EXERCISE INSTRUCTIONS: Below are records with pictures. Transcribe exactly, and only, the lines from the line with "フロントのプリーツフリルが繊細で華やかな印象に。" to the line with "舉個(gè)例子,在六月份有", both ends included, but not the pictures.

"""

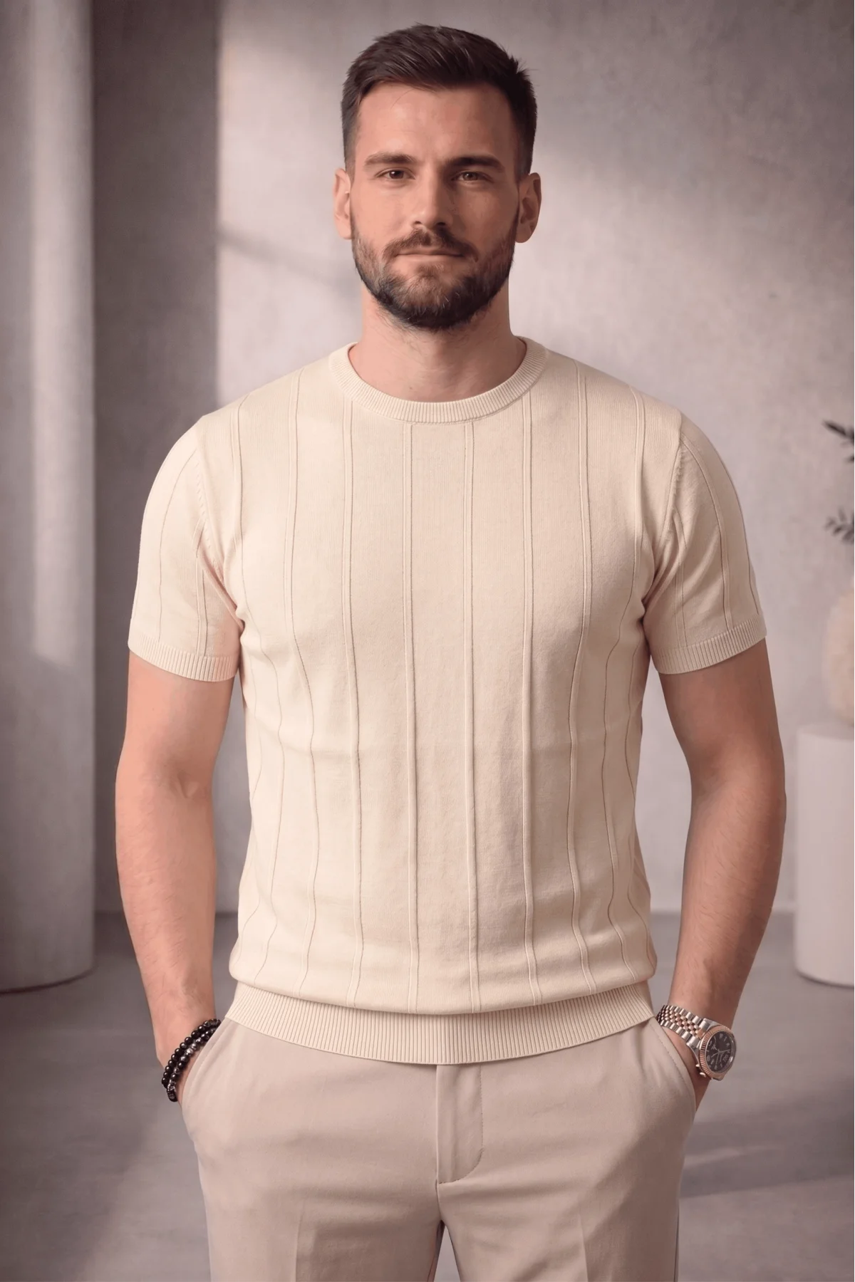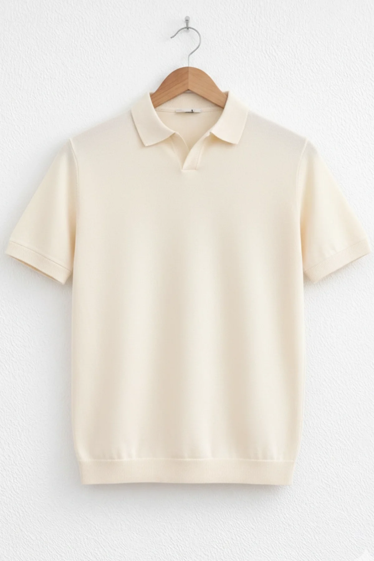 Erkek Açık Yaka Düz Triko Tişört Krem Cd167
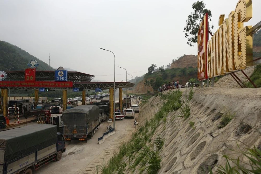 Một số người dân chấp nhận xuống xe đi bộ qua trạm thu phí.
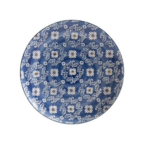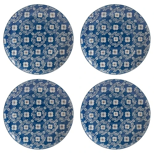 Ce coffret de quatre assiettes plates en grès artisanal saura mettre en valeur vos plus belles créations ! la collection almada, avec son mélange bleu et blanc, est entièrement peinte à la main et faite de grès artisanal. ses motifs en arabesques suggèrent une composition graphique raffinée. sa finition brillante et les légers reliefs apporteront de la bonne humeur dans votre foyer.Collection : Almada Matière : Grès Couleur : Bleu Diamètre : 26 cmCompatible Lave-vaisselle Compatible Micro-onde
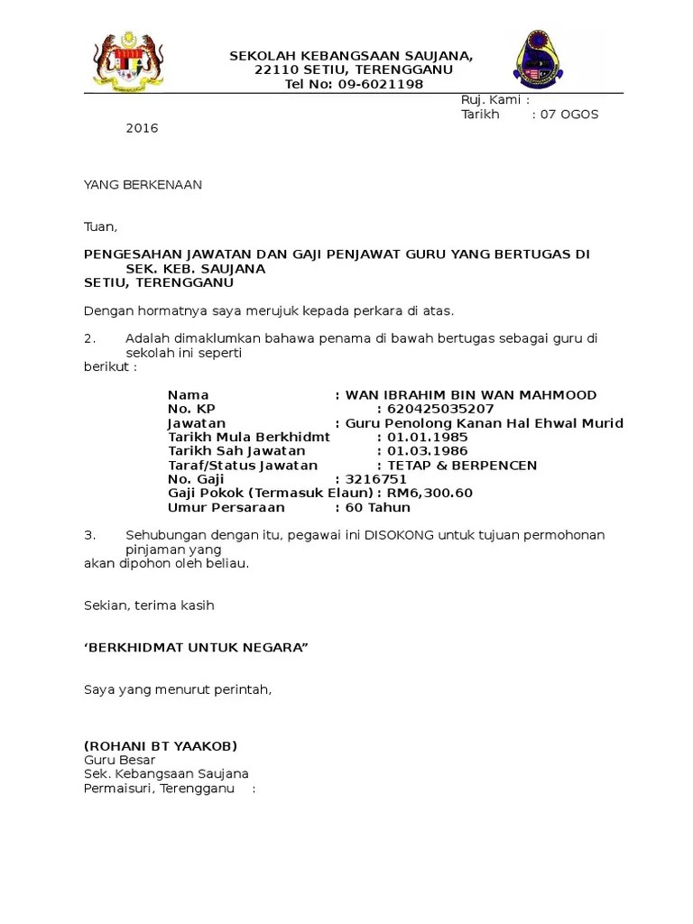 Suruhanjaya perkhidmatan awam malaysia /. Taraf jawatan tetap dan disahkan dalam jawatan pada tahun 2002. Selepas mendapat surat tawaran pelantikan daripada suruhanjaya. **cetakan surat kelulusan hanya boleh dibuat . Seperti penama dan butiran di atas, pihak syarikat bersetuju dan mengesahkan telah membuat lantikkan jawatan tetap sebagai pegawai pemasaran . Pengesahan pelantikan bermaksud proses mengesahkan lantikan seseorang pegawai yang telah bersetuju menerima tawaran pelantikan ke jawatan tetap dan telah . Seseorang pegawai yang menerima tawaran pelantikan tetap sesuatu jawatan. Memasuki perkhidmatan di sektor awam /. Pelantikan ke dalam perkhidmatan awam oleh suruhanjaya secara tetap, sementara atau kontrak. Telah berkhidmat selama 10 tahun. Kad pengenalan anda (contoh : Surat pekeliling suruhanjaya perkhidmatan awam malaysia bilangan 2 tahun . Pemeriksaan kesihatan, akuan berkanun dan surat aku janji Pengesahan pelantikan bermaksud proses mengesahkan lantikan seseorang pegawai yang telah bersetuju menerima tawaran pelantikan ke jawatan tetap dan telah . Pengesahan pelantikan dan pengesahan dalam perkhidmatan . I kandungan perkara muka surat tujuan 1 latar belakang 1 pelaksanaan 2.
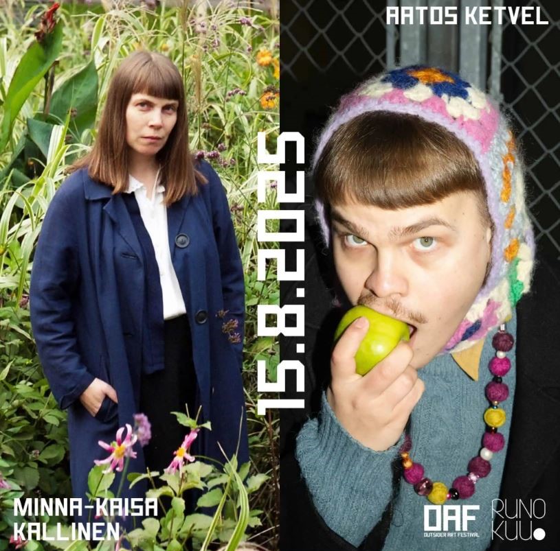 Outsider Art Festival ja Runokuu järjestävät yhteisen keskustelun Tekstin talon Permantosalissa perjantaina 15.8.2025 klo 17.30-18.30.
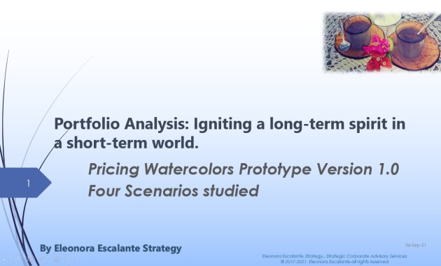 Portfolio Analysis: Igniting a long-term spirit in a short-term world (IX). Our sub-prototype for Pricing Watercolors Version 1.0 Have a wonderful first week of September. If climate change were not so evident, we should be celebrating the beginning of Autumn. But the global warming effects are now so […] eleonoraescalantestrategy 6 Sep 2021 1 Comment
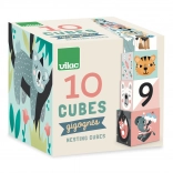 Découvrez ce puzzle qui combine amusement et apprentissage dans un ensemble coloré. Cet ensemble comprend dix blocs en carton décorés avec de magnifiques illustrations d'animaux et de chiffres, créées par Michelle Carlslund.
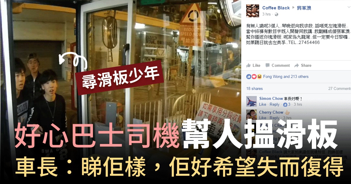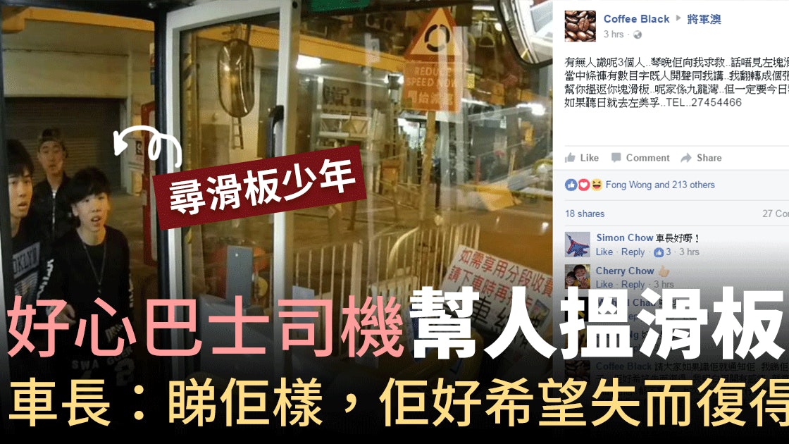 好人好事 九巴車長fb尋滑板失主稱 反轉成個將軍澳 助尋回 香港01 熱爆話題
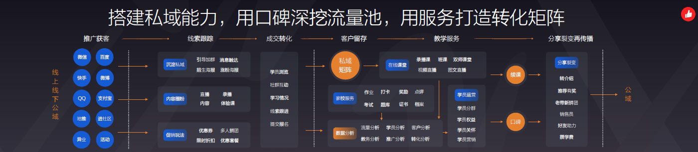 關于如何搭建私域能力,有贊給到了三點核心建議:首先,要做線下線上全渠道的經營;其次是利用線上線下的融合,做好教學服務,通過口碑提升單客價值;最后,積累客戶和學員的行為數據標簽和畫像,進行精細化的分層運營,為學員整個學習旅程提供價值。這三點是做好私域運營的基礎。
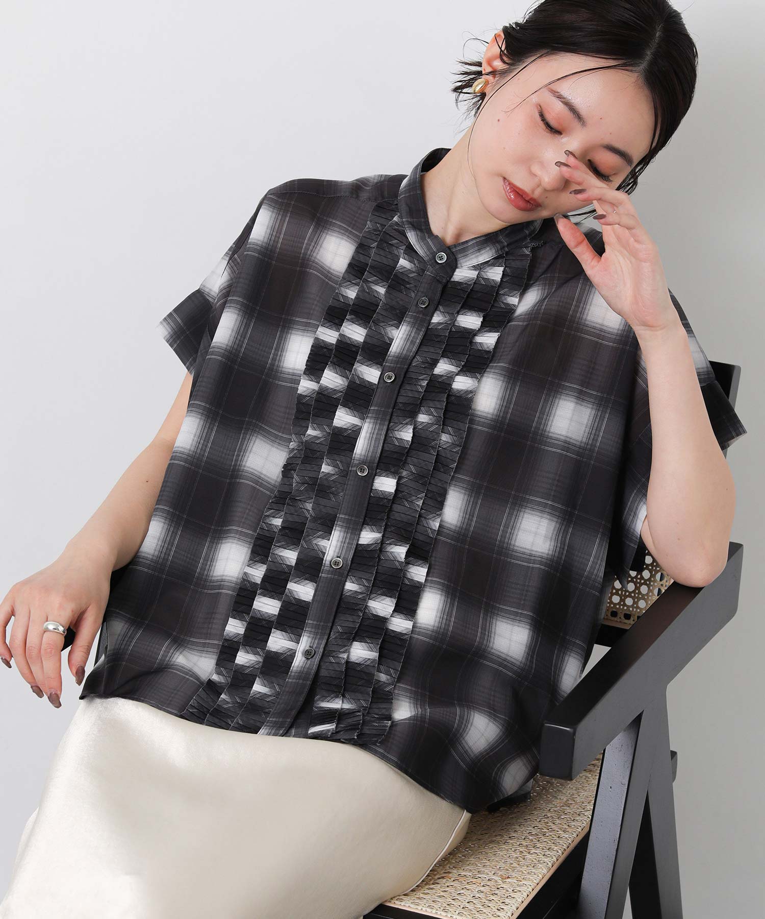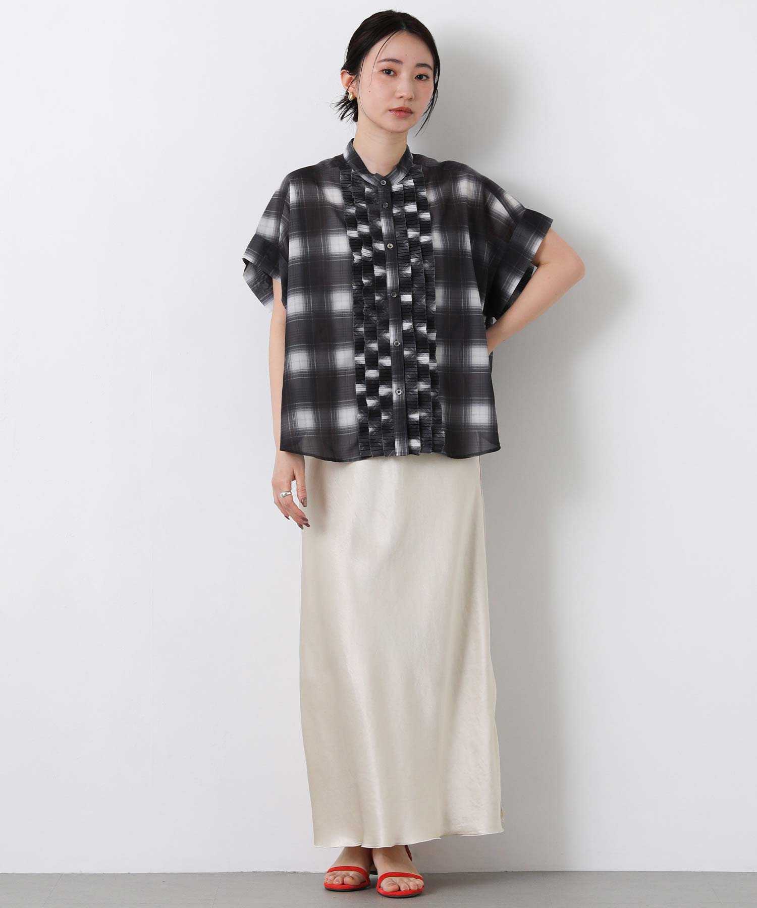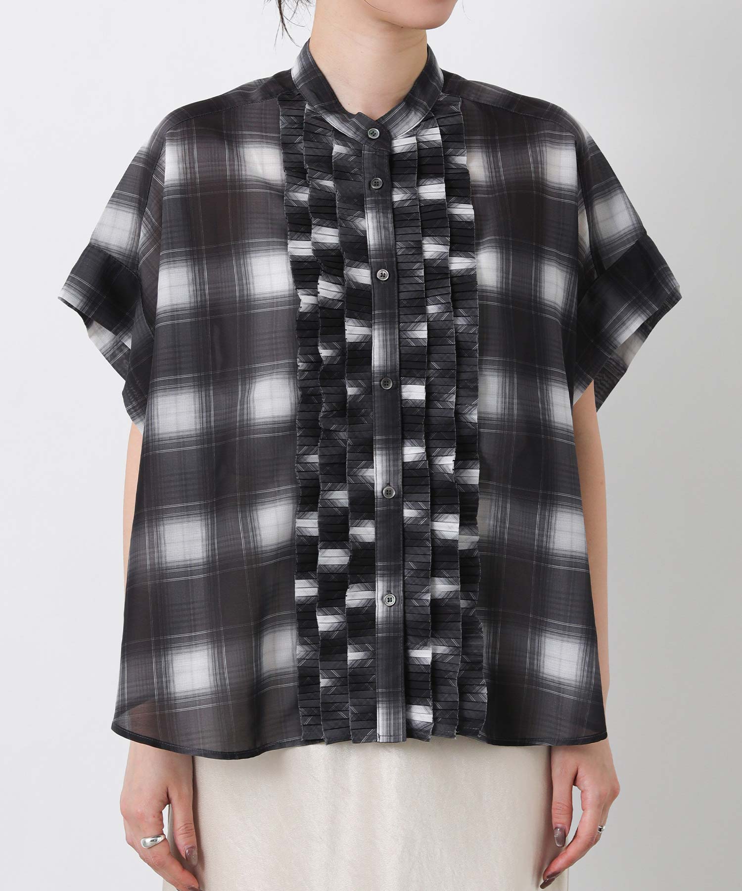 フロントのプリーツフリルが繊細で華やかな印象に。
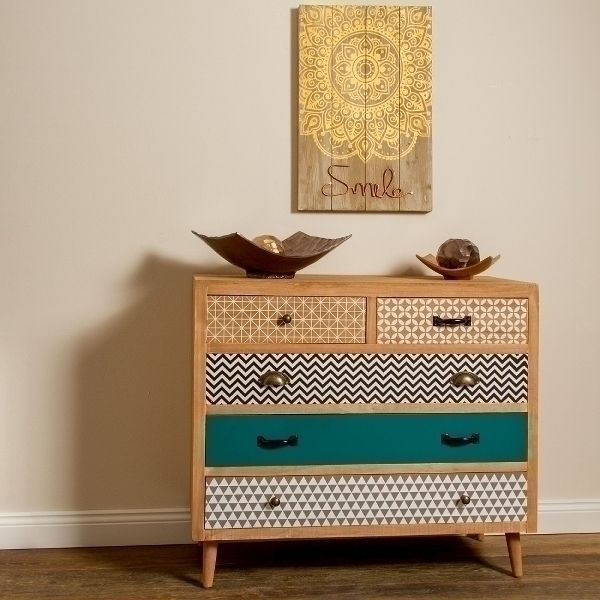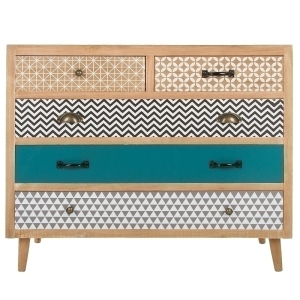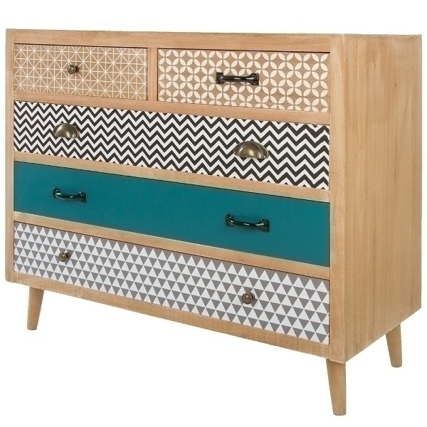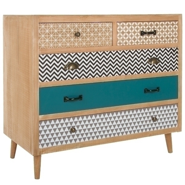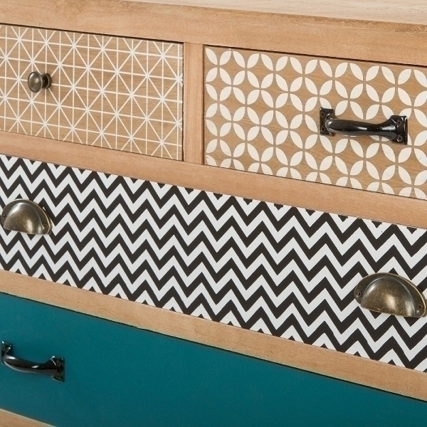 - 70er Jahre Kommode mit bedruckten Schubladen
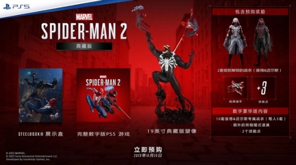 目前漫威蜘蛛侠2已经上架至PS4和PS5两种主机版本。
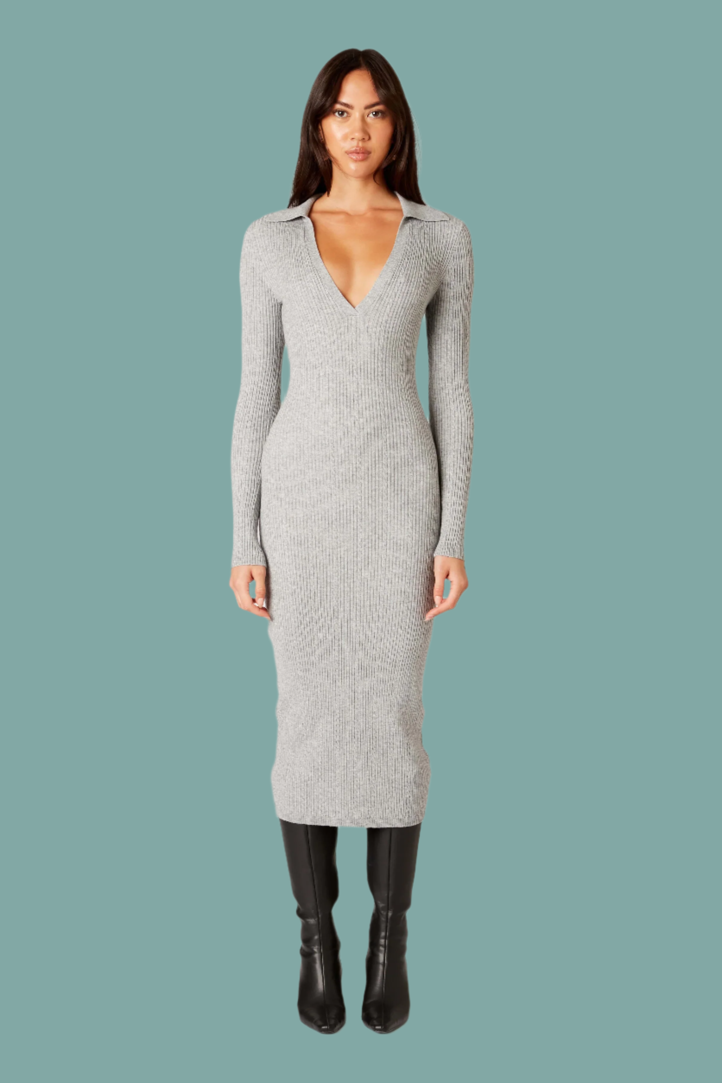 Unleash your inner fashionista with the Catherine Sweater Dress. This body-con dress features a stylish collar and a micro cable knit design, perfect for showcasing your curves in a chic and cozy way.
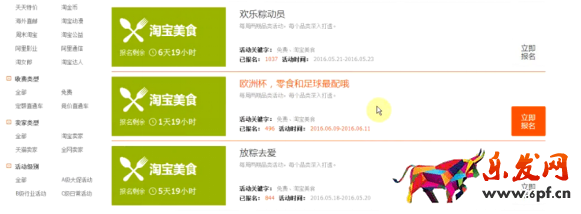 舉個(gè)例子,在六月份有個(gè)“歐洲杯、零食和足球最配哦”的活動(dòng),美食類(lèi)目下面有很多的賣(mài)家,但報(bào)名活動(dòng)的人卻不到500家,也就是說(shuō)這個(gè)活動(dòng)入口大部分的人是找不到的,需要到淘營(yíng)銷(xiāo)里來(lái)看有沒(méi)有符合類(lèi)目的活動(dòng)然后再進(jìn)行報(bào)名。那么當(dāng)活動(dòng)開(kāi)始的時(shí)候,我們就能獲得一些活動(dòng)資源的展現(xiàn)。
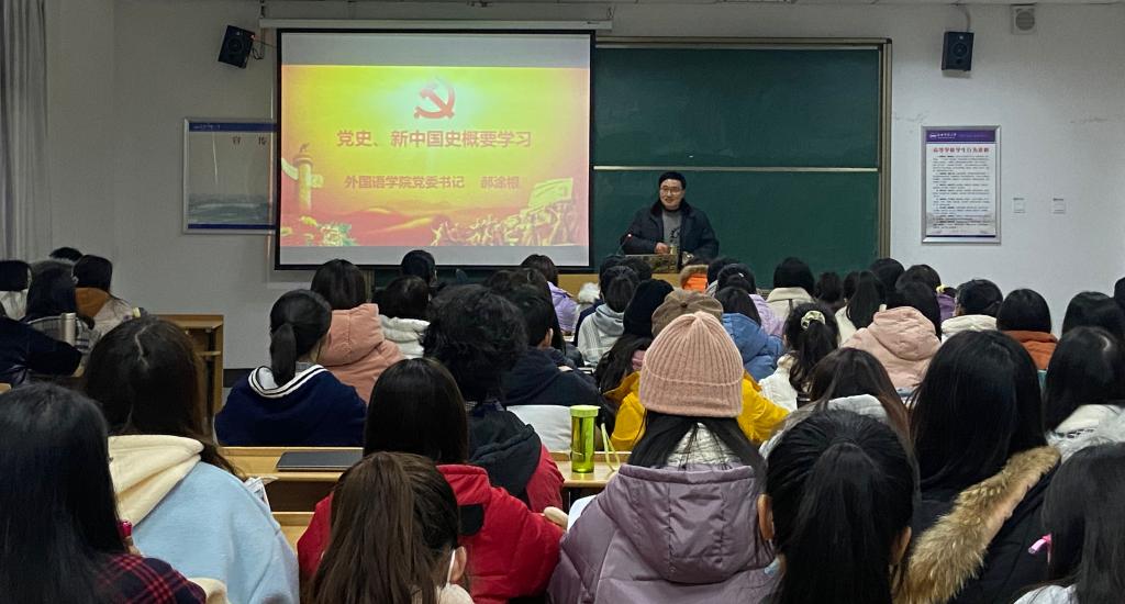 为推进关于开展党史、新中国史、改革开放史、社会主义发展史学习教育工作的落实,12月10日,tyc41183太阳成集团在E201教室开展“学四史”专题党课。tyc41183太阳成集团党委书记郝涂根讲授了题为“党史、新中国史学习概要”的专题党课。学院党支部书记、辅导员、第62期全体入党积极分子参加了党课学习。
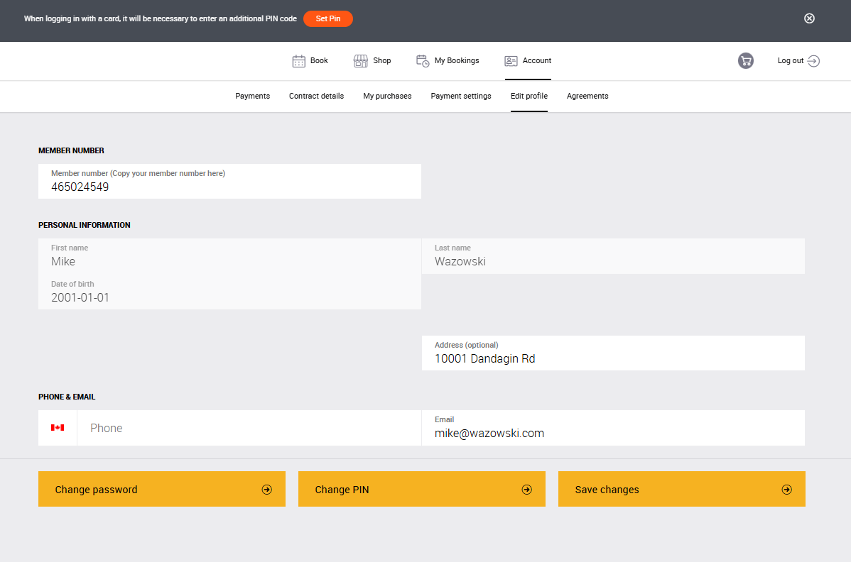 If a PIN is required, a notification will appear at the top of the Client Portal screen. Clicking on this notification will redirect you to the Change PIN screen.

"""

TASK SOLUTION:
 フロントのプリーツフリルが繊細で華やかな印象に。
 - 70er Jahre Kommode mit bedruckten Schubladen
 目前漫威蜘蛛侠2已经上架至PS4和PS5两种主机版本。
 Unleash your inner fashionista with the Catherine Sweater Dress. This body-con dress features a stylish collar and a micro cable knit design, perfect for showcasing your curves in a chic and cozy way.
 舉個(gè)例子,在六月份有個(gè)“歐洲杯、零食和足球最配哦”的活動(dòng),美食類(lèi)目下面有很多的賣(mài)家,但報(bào)名活動(dòng)的人卻不到500家,也就是說(shuō)這個(gè)活動(dòng)入口大部分的人是找不到的,需要到淘營(yíng)銷(xiāo)里來(lái)看有沒(méi)有符合類(lèi)目的活動(dòng)然后再進(jìn)行報(bào)名。那么當(dāng)活動(dòng)開(kāi)始的時(shí)候,我們就能獲得一些活動(dòng)資源的展現(xiàn)。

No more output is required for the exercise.